それからもサーフィニア嬢にくっついて回り、天使のお勧めをいくつか小皿に盛ると、トレーに載せて席に戻った。
エルトナは大皿で三皿ほど取ってきていたが、もう既に二皿は空になっていて、最後の皿も完食間近だ。さすがに騎士見習いはよく食べ──
「ヒャアァァ、か、かっ、辛いぃぃ! みみみ水ぅぅ!」
……。クルスのやつ、注意書きを読まなかったのか? 黄色の粉は、かけ過ぎ注意と書いてあっただろうが。俺には《特別に》天使がかわいく教えてくれたけどな。
「ボルトナー様、大丈夫ですか? お皿を取り替えましょうか」
「ひっ、ひえ! 大丈夫でひゅ! そんひゃことしたら、明日の朝食がぁぁ〜」
「クルス、自業自得だ。サーフィニア嬢が準備してくれていた物を、よく読まないからそういうことになる」
「殿下、それは違います。私がもっと目立つように書いておけばよかったんです。ごめんなさい、ボルトナー様。ちょっと待っていてくださいね」
そう言うと、サーフィニアは料理のテーブルに戻って行った。
……クルスのせいで、俺が悪者みたいになってしまったじゃないか。
嫌われたらどうしてくれる? しかも、サーフィニア嬢の方に手落ちがあったと思わせてしまうとは──許さん!!
「クルス、今まで楽しかったですよ。ありがとう、お元気で」
「骨は拾ってやるからな、成仏してくれよ」
「ちょっと、二人ともなに言ってるの!? 僕、どこにも行かないからね? 骨とか……怖いこと言わないでぇぇ!」
火を吹きそうな俺。それを感じて、さっさとクルスを切り捨てにかかるノリスとエルトナ。辛さと怖さで涙目のクルス。という寒々しいテーブルに、天使が舞い戻ってきた。

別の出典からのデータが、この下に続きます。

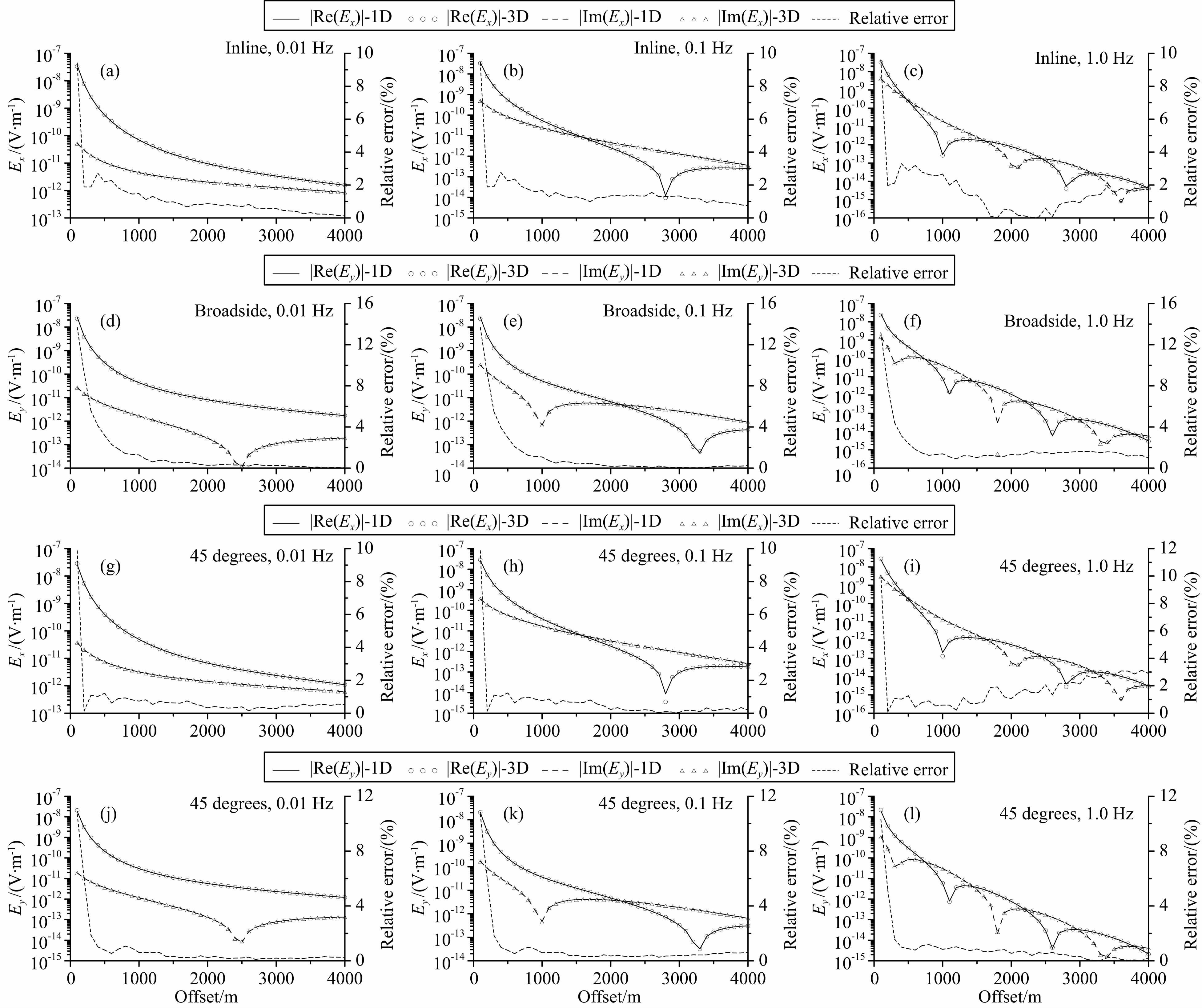 为了验证有限元算法的正确性并分析计算精度,我们设计了M1模型(空气-海水-沉积层模型),其几何与物理参数如图 2a所示.由于偶极子源产生的场具有一定的对称性,我们将有限元算法的计算域设计为圆柱体状.相比常规的六面体,在相同半径下,采用圆柱体可以减小计算域,从而减少网格节点,提高求解效率.偶极子源置于距海底50 m高 处,测线置于海底,沿x方向布置,测点间距为50 m. 图 2b是利用开源网格生成程序Gmsh(Geuzaine and Remacle,2009)生成的网格,生成网格时在源和测线附近进行了局部加密处理,最终M1模型被离散成700704个四面体,共118191个节点,821044条边.计算中采用了三种装置:(1)inline装置,即电偶极子源与测点共线,且偶极子方向与测线方向一致;(2)broadside装置,即电偶极子源与测点共线,且偶极子方向与测线方向垂直;(3)电偶极子源与测点共线,且偶极子方向与测线方向成45°夹角.我们分别计算了发射频率为0.01 Hz、0.1 Hz和1.0 Hz的偶极子源产生的电场.分配8个主频为2.4 GHz的处理器做并行计算时,单个频点的计算时间约为2.0 min.图 3给出了不同装置、不同发射频率的电场数值解与解析解的对比.

「お待たせしました……。ボルトナー様、泣くほど辛かったのですか? ごめんなさい。でも、もう大丈夫ですよ。お皿にカレーを少し足して、ゆで卵の輪切りを載せたら、最後にケチャップをかけてと……はい、出来上がりです! ボルトナー様、食べてみてください」
「サーフィニア嬢、ありがとう! 優しいのはサーフィニア嬢だけだよぉ〜。食べてみるね!」
……。クルス? 俺を差し置いて、何やってんだ? サーフィニア嬢に手間を掛けさせた挙げ句、サーフィニア嬢の特製アレンジカレーライスを食べるのか? 俺より先に?
「ノリス、巻き込まれる前に次の皿に行かないか」
「私も同じことを考えていました。すぐに行きましょう」
ドス黒いオーラが見えたエルトナとノリスは、さっさとテーブルを離れる。
「わぁ〜、ものすごく食べやすくなったよ! 辛さが殆ど気にならないね。ありがとう、サーフィニア嬢!」
「ふふっ、良かった。それから、殿下には私の一番のお気に入りのトッピングを持ってきました。この豚肉を衣で包んで揚げたポークカツレツは、カレーにとってもよく合うんです。よかったら食べてみてくださいね」
単純な黒いオーラは、瞬く間に霧散していく。
「サーフィニア嬢の《一番の》お気に入り?──それは俺ですか?──ゆで卵よりも?」
「勿論です! ポークカツレツのサクッとした食感と、とろ〜りとしたカレーがとってもよく合うんですよ。殿下にも気に入ってもらえたら嬉しいです!」
うん。とっくに気に入っているよ? かわいくて優しい、サーフィニア嬢のこと。
うっかり口をついて出る前に、ポークカツレツを口に放り込む。
「本当だ! すごく美味しい。豚の脂の甘みがジュワ〜っと滲み出てきて、カレーと口の中で溶け合うのがたまらないね。癖になりそうだ!」
そう言うと──天使はこの日一番の輝く笑顔を見せてくれた。